Instructions for the task
What is needed is an exact repetition of the lines from the first one in the data through the line with "香港文匯報記者看到,在「機器", with no pictures.

Data segment
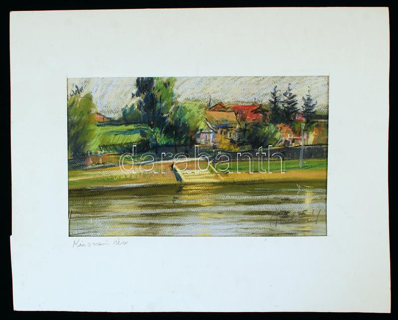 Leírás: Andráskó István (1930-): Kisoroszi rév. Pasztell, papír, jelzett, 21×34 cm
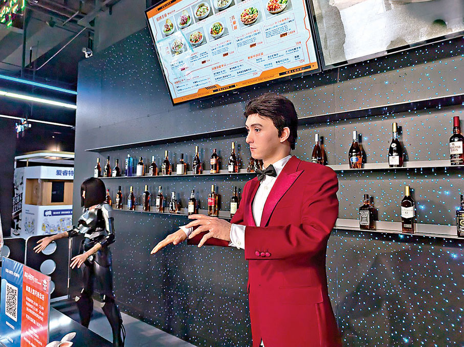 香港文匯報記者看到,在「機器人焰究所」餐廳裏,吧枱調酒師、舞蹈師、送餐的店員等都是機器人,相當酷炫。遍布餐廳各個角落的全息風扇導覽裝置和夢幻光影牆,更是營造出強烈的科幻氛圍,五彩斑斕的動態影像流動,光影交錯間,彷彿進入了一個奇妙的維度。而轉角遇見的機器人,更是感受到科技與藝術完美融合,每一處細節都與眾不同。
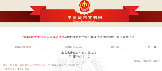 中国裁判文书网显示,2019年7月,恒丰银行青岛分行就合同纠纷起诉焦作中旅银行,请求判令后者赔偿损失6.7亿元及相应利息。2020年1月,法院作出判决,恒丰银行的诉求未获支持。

Response below
 Leírás: Andráskó István (1930-): Kisoroszi rév. Pasztell, papír, jelzett, 21×34 cm
 香港文匯報記者看到,在「機器人焰究所」餐廳裏,吧枱調酒師、舞蹈師、送餐的店員等都是機器人,相當酷炫。遍布餐廳各個角落的全息風扇導覽裝置和夢幻光影牆,更是營造出強烈的科幻氛圍,五彩斑斕的動態影像流動,光影交錯間,彷彿進入了一個奇妙的維度。而轉角遇見的機器人,更是感受到科技與藝術完美融合,每一處細節都與眾不同。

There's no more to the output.